Egg prices are at decade lows. Live cattle futures recently hit five-year lows. It is a far cry from record high egg prices in the summer of 2015 and record high retail beef prices just a couple years back. Commercial red meat and pork production were record high for the month of August, the U.S.D.A. said.
The U.S.D.A. in its Oct. 12 World Agricultural Supply and Demand Estimates (WASDE) report summed it up:
“Cattle, hog, broiler and turkey prices for the last quarter of 2016 are reduced from last month (September’s forecast) as supplies of product are large. For 2017, the continued large supplies of beef, pork and broiler meat are expected to pressure prices through the year. Egg prices are also reduced for both 2016 and 2017.”
Prices in 2016 were forecast down 18% from 2015 for slaughter steers, down 8% for slaughter hogs, down 7% for broilers and down 53% for eggs. For 2017, prices were projected to drop 4% from 2016 for steers, 11% for hogs and 3% for broilers, while eggs were expected to recover 13%.

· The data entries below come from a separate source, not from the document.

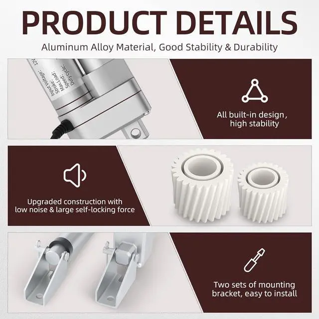 Wide Application: The electric actuator could perform tasks much efficiently and safely compared to manual operation. All in all, this actuator 12V could widely applied to window opener, electric sofa, electric wheelchair, electric nursing bed, automatic door opener, industrial electric lifting system, etc
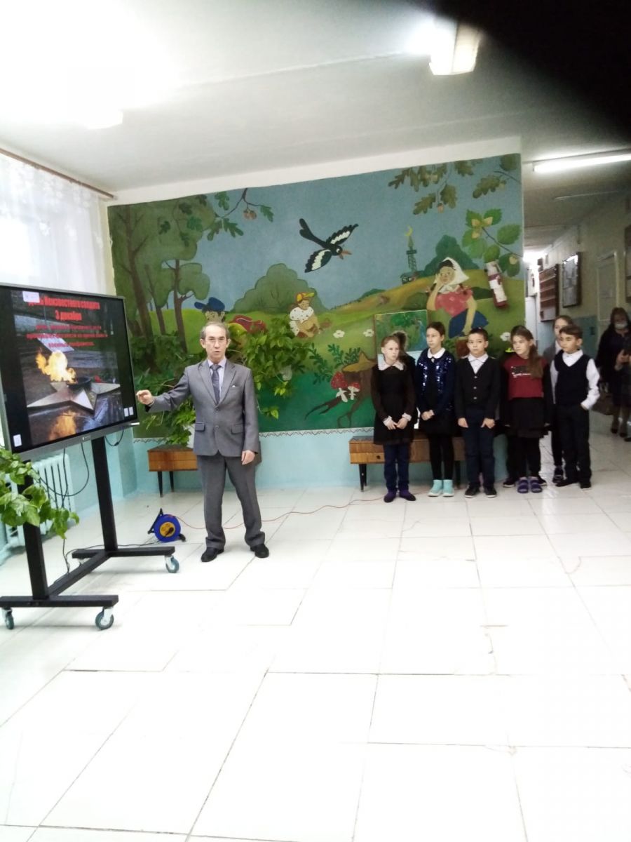 Сегодня в школе прошло мероприятие посвященное дню неизвестного солдата. Учитель ОБЖ Сабирзянов А.А. рассказал историю происхождения этого дня и показал фильм об открытии мемориала. Мемориальный архитектурный ансамбль, расположенный у Кремлёвской стены в Александровском саду. Сооружён в 1967 году по проекту архитекторов Дмитрия Бурдина, Владимира Климова, Юрия Рабаева и скульптора Николая Томского. С 1997 года у Могилы Неизвестного Солдата располагается Пост № 1. Монументу присвоен статус объекта культурного наследия России, а также Общенационального мемориала воинской славы.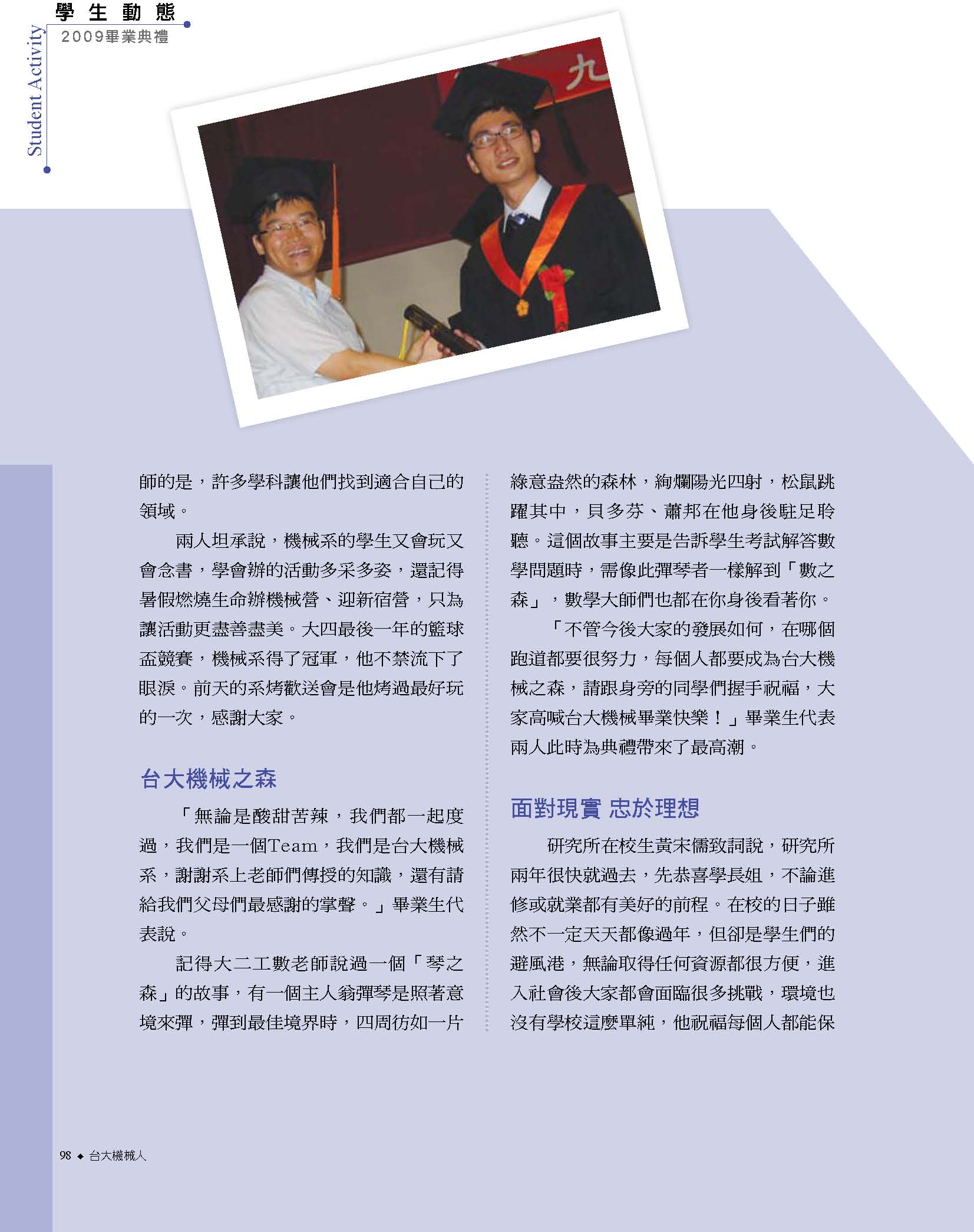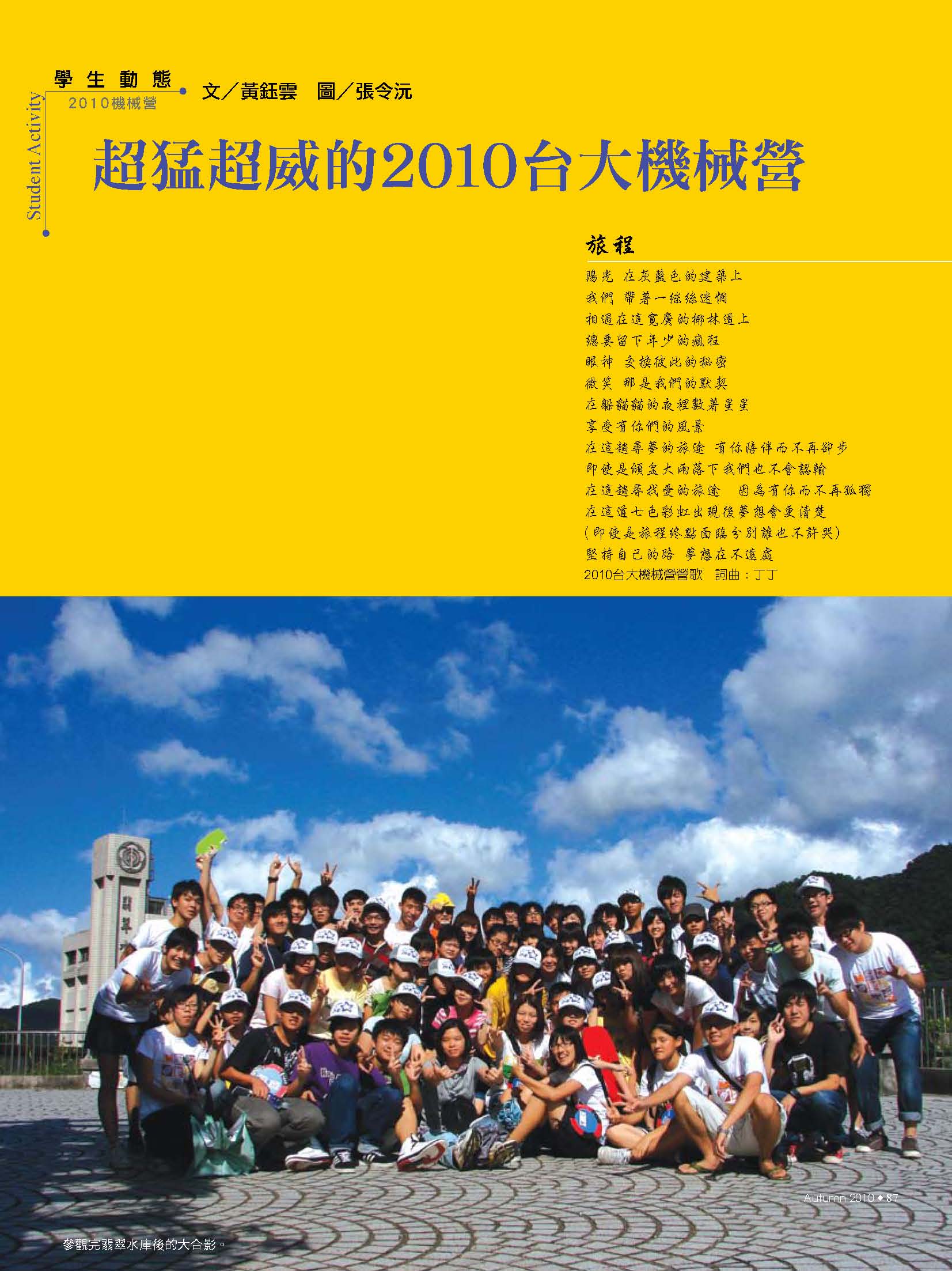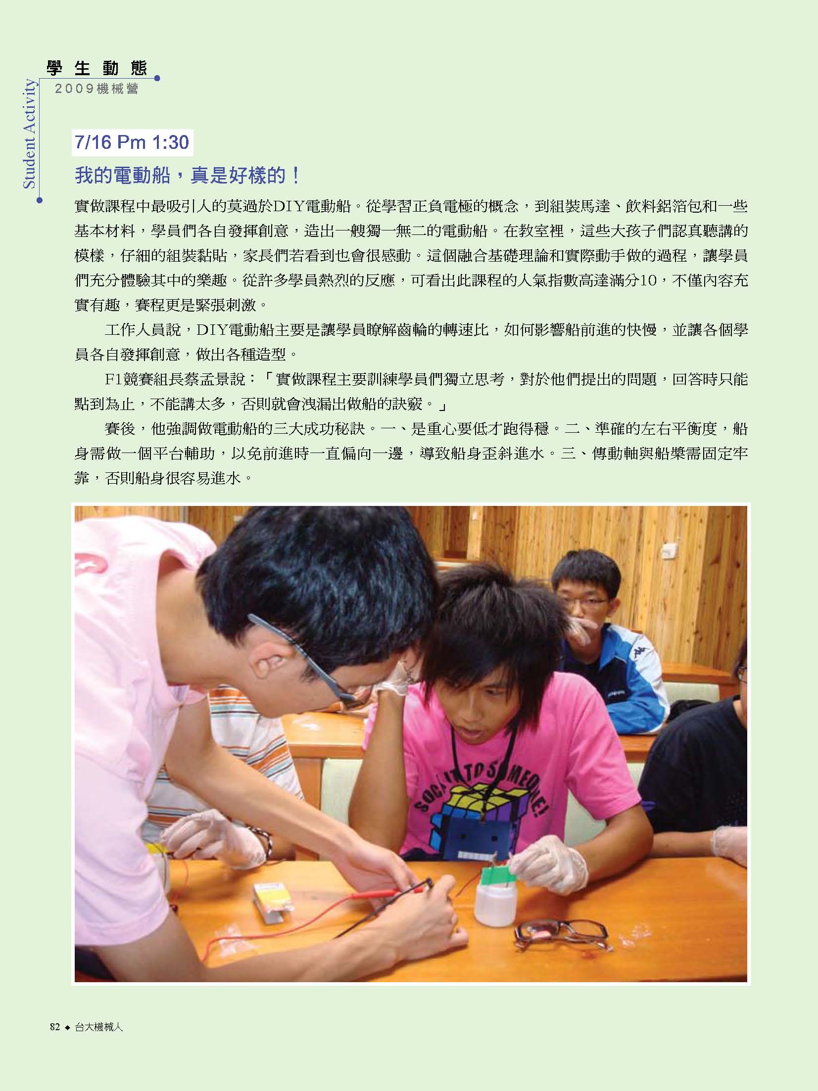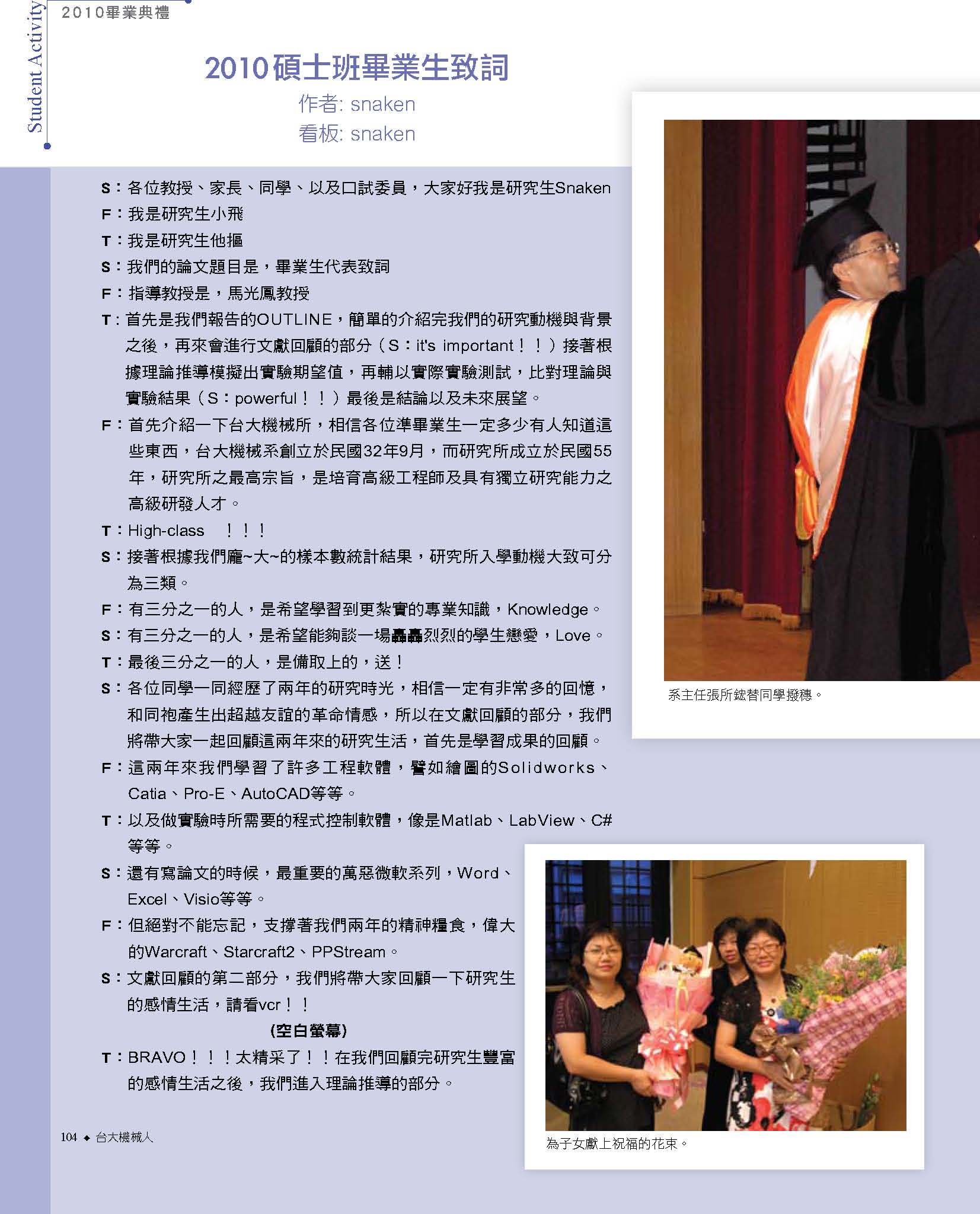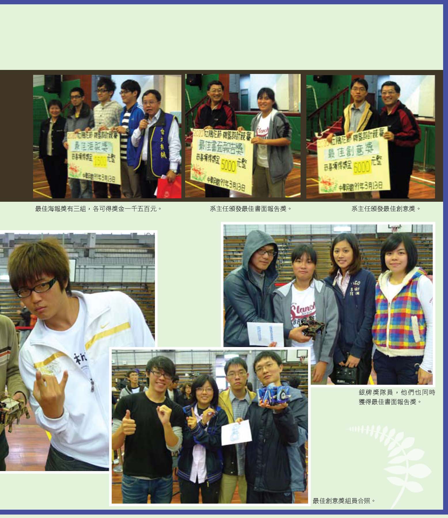 而振芬跟鈺雲也分別採訪了精彩的機械之夜、機械競賽、機械營跟尾牙大會師等活動,更讓人見識到台大機械系學生的絕倫創意;同學們不僅能歌善舞、也能把書本的理論應用到機械設計之中,想知道更多精彩實況嗎?快翻開這期的系刊吧!

The U.S.D.A. forecast commercial red meat and poultry production in 2017 at 100,319 million lbs, up 78 million lbs from its September projection, up 3% from 97,439 million lbs forecast for 2016 and up 6% from 94,630 million lbs in 2015.
If realized, it would be the first time in history that total red meat and poultry output has topped 100 billion lbs in a year.
Higher total red meat and poultry exports will take some, but not nearly all, of the increased production. Exports in 2017 were projected at 15,703 million lbs, up 5% from 2016 and up 10% from 2015.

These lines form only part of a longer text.